Фокс не спал всю ночь. Он боялся. Не рынка — того, что он там увидит. И того, кого может встретить.
Рыжая женщина в чёрных очках.
Она была на рынке. Шпунтик говорил: «Та, за которой ты бегаешь — челночница. Их много на Митинском. Приезжают рано утром, уезжают вечером. Торгуют чем попало: одеждой, обувью, косметикой. Живут от поездки до поездки».
— А где они спят? — спросил Фокс.
— Кто в общаге, кто в ларьке, кто в машине. У них нет домов. У них есть товар.
Фокс подумал об этом. О том, что Лариса Петровна, при всей её «скучности», имела дом. Стены. Кровать. Чайник. А эта красивая, блестящая женщина, за которой он бегал как дурак, может, спала в ларьке на коробках. И очки носила не потому, что она звезда, а потому, что под глазами — синяки от усталости.
Он вдруг почувствовал стыд. Не за побег — за глупость. За то, что принял блеск за золото.
— Завтра идём, — сказал Шпунтик и зевнул, показав жёлтые клыки. — А сегодня — отдыхай. Завтра будет трудно.
Фокс лёг на картон, прижался к тёплому боку пса и закрыл глаза. На этот раз он попробовал спать с одним открытым глазом. У него почти получилось. Сквозь ресницы он видел, как в дыру подвала пробивается серый утренний свет, и слышал, как Шпунтик бормочет во сне:
— Не лезь к тем, кто спешит. Не верь тем, кто улыбается без причины. Еда — не в витрине…
Фокс улыбнулся — впервые за долгое время. Улыбнулся и заснул.
---
А утром они пошли на рынок.
И всё пошло не так, как планировал Шпунтик. Потому что на рынке Фокс снова увидел Её. И на этот раз он не побежал за ней. Он просто смотрел. И видел.
Она стояла у своего ларька, в спортивной куртке, без макияжа, с растрёпанными волосами, и ругалась с поставщиком. Голос у неё был хриплый — то ли от курения, то ли от крика. Очки висели на цепочке, и под ними — лицо обычной уставшей женщины. Не богини. Не кинозвезды.
«Доспехи», — подумал Фокс. — «Она надевает очки, как доспехи. Чтобы никто не увидел, как ей страшно».
И в этот момент она посмотрела в его сторону. Увидела. Узнала? Может быть. Но ничего не сказала. Отвернулась и продолжила торг.
Фокс сел на корточки, поджал хвост и остался ждать.
Он не знал, чего ждёт. Но чувствовал: что-то должно случиться. Что-то, что перевернёт всё снова.
Он не ошибся.
Глава 6. Митинский базар
Митинский рынок в октябре девяносто четвёртого — это не место. Это состояние.

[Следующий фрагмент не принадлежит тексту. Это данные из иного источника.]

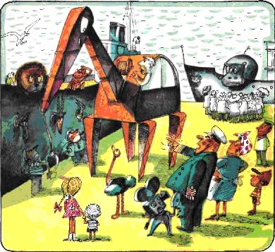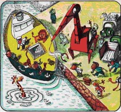 Крану было очень стыдно за свой промах. Он начал торопливо выгружать следующего зверя — бегемота. Наверное, от большой спешки так и получилось — кран впопыхах опустил бегемота не на берег, а на палубу теплохода, на котором пассажиры собирались отплыть в дальний рейс.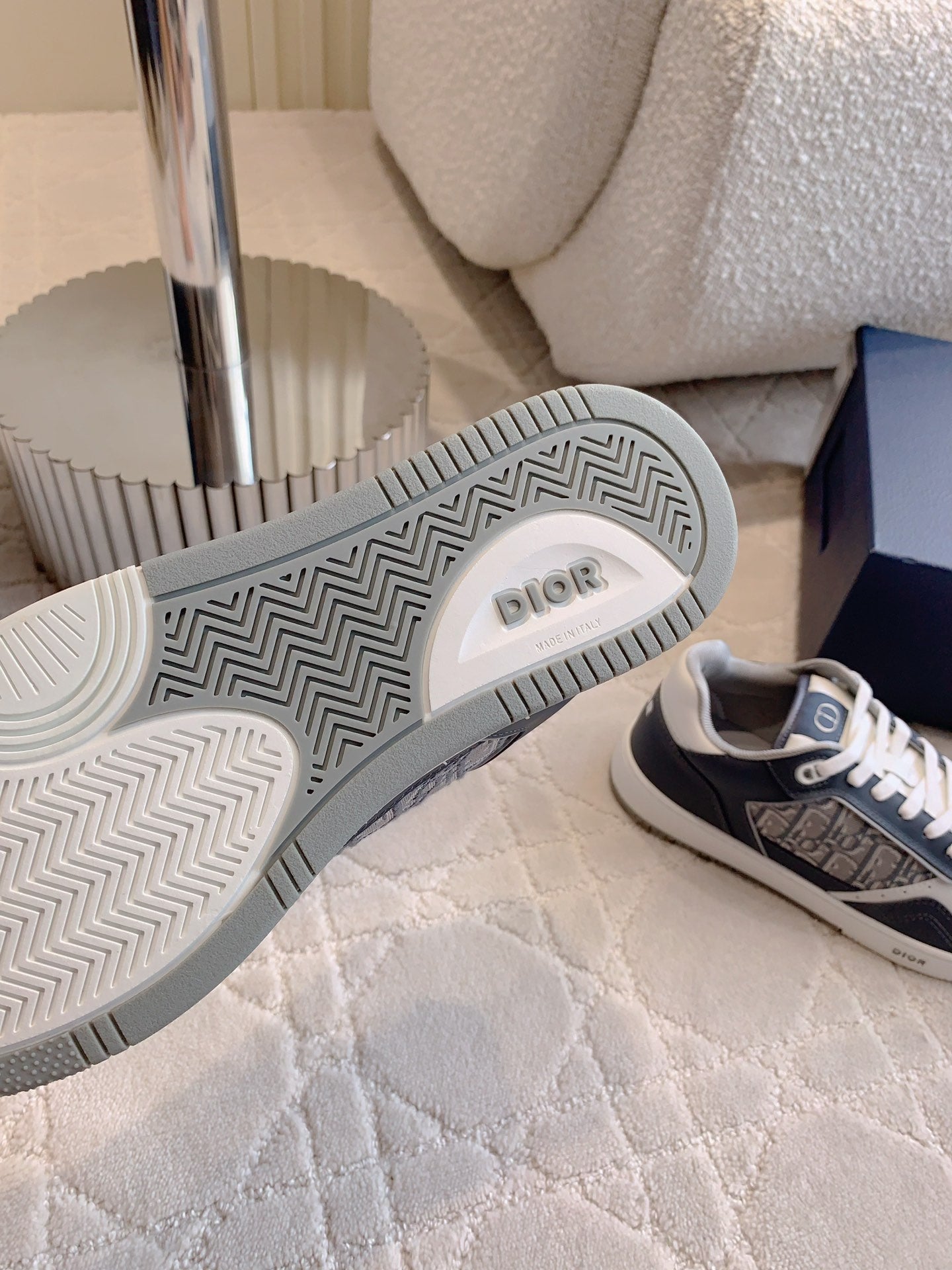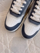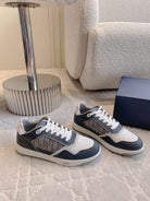 CD B27 Low-Top Sneaker White Charcoal Blue Print Calfskin And Oblique Jacquard Fabric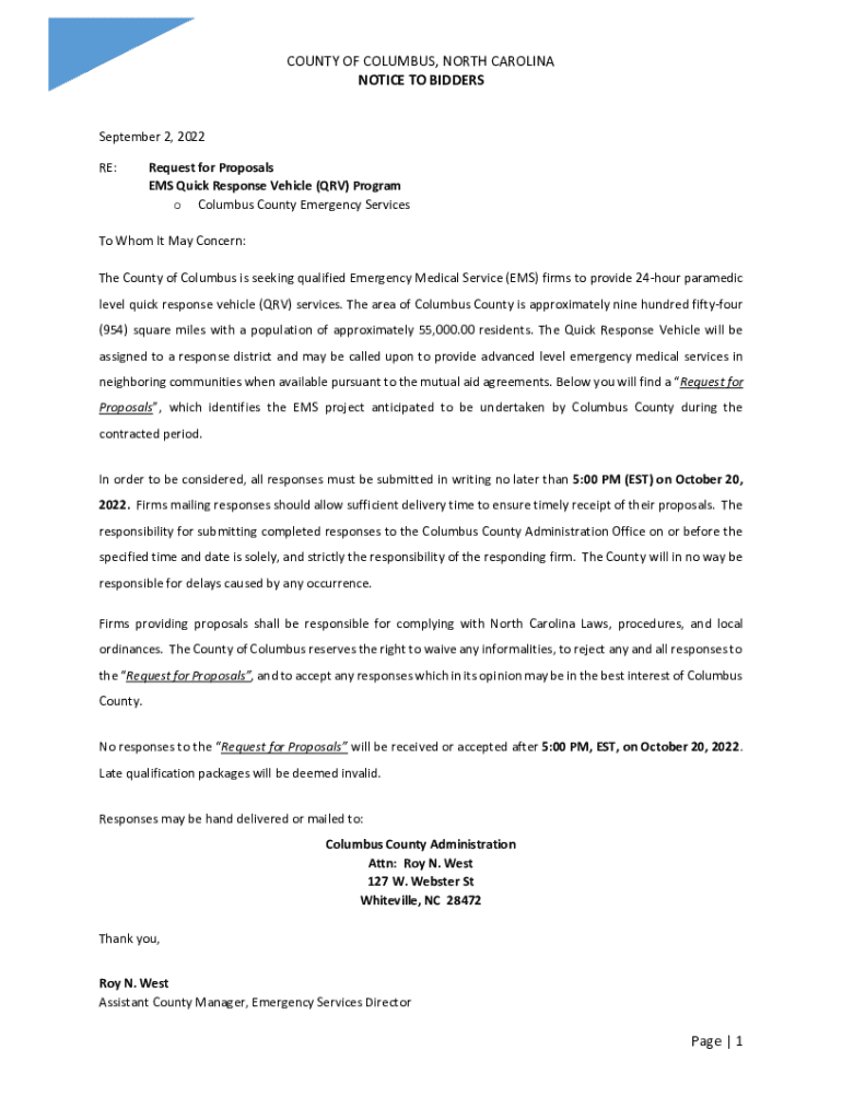 COUNTY OF COLUMBUS, NORTH CAROLINA NOTICE TO BIDDERS September 2, 2022, RE:Request for Proposals EMS Quick Response Vehicle (DRV) Program o Columbus County Emergency Services Whom It May Concern: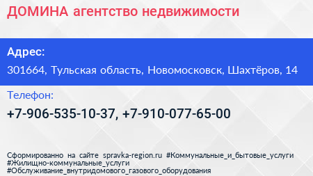 ДОМИНА, агентство недвижимости по адресу 301664, Тульская область, Новомосковск, Шахтёров, 14 в дальнейшем Организация, размещена в следующих категориях: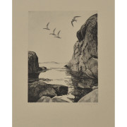 Stig Åsberg (B3366) Stig Åsberg (1909-1968), etsning, signerad, daterad 1959, 24,5 x 17,8 cm, oramad (bladet större). Verket har titeln ”Havsvik” och är hämtat ur Föreningen För Grafisk Konsts årsmapp 1960. Pris 350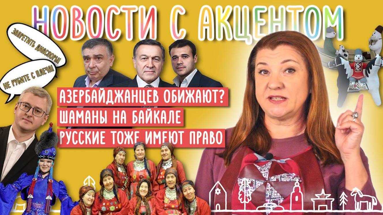 В выпуске № 21 "Новостей с акцентом" от Маргариты Лянге: Азербайджанцы в России - кто кого обижает? Байкал: шаманы, спорт и ритуальные танцы Учимся жить дружно - фестиваль гостеприимства на ВДНХ Камчатка: равноправие без оглядки на национальность Русский Север: каргопольская игрушка в поиске 00:00:14 Анонс 00:00:47 Азербайджанцы в России. 00:03:06 Ёрдынские игры в Иркутской области 00:03:58 Фестиваль «Дружба народов» и удмуртский Гербер 00:05:44 Рыбалка для всех 00:07:11 Праздник ремесленников в Каргополе 00:08:00 Наши площадки новости #россия #лянге #нацакцент #этно #Азербайджанцы #Ёрдынскиеигры #Иркутскаяобласть #Дружбанародов #гербер #удмуртия #Камчатка #льготы #Каргопольскаяигрушка #РусскийСевер #диаспора #коренныенароды

Он раскинулся на северо-западе Москвы, там, где город начинает задыхаться в собственных окраинах, где панельные девятиэтажки сменяются гаражами, пустырями и железнодорожными ветками, уходящими в никуда. Рынок был стихийным, выросшим из ничего за год-два, как гриб после дождя — только гриб бывает чистым, а здесь чистота была понятием относительным.
Площадь — гектаров пять, не меньше. Всё заставлено ларьками, палатками, столами на козлах, прямо на земле разложены куртки, джинсы, кроссовки, кассеты, диски, духи, посуда, игрушки — всё, что можно привезти из Турции, Польши, Китая, Германии, и продать втридорога или втридорога. Товар висел на вешалках, лежал в коробках, был навален кучами, и над всем этим стоял запах — сложный, многослойный, как хорошо выдержанный сыр, только вместо сыра — китайский кожзам, турецкая кожа, польский мех, болгарские сигареты, венгерские колбасы и русский пот.
Тысячи людей текли между рядами. Челноки — с баулами, с тележками, с мешками, с уставшими лицами и горящими глазами. Покупатели — кто с деньгами, кто без, кто просто глазеет. Бомжи — собирают бутылки, пустые коробки, объедки. Цыгане — гадают, воруют, отвлекают. Милиция — стоит по углам, берёт «дань» с продавцов, делает вид, что охраняет порядок. Восточные торговцы — азербайджанцы, таджики, грузины, армяне — орут на всю площадь, перебивая друг друга: «Подходи, налетай, дёшево!», «Скидка для красивых глаз!», «Бери, последний остался!».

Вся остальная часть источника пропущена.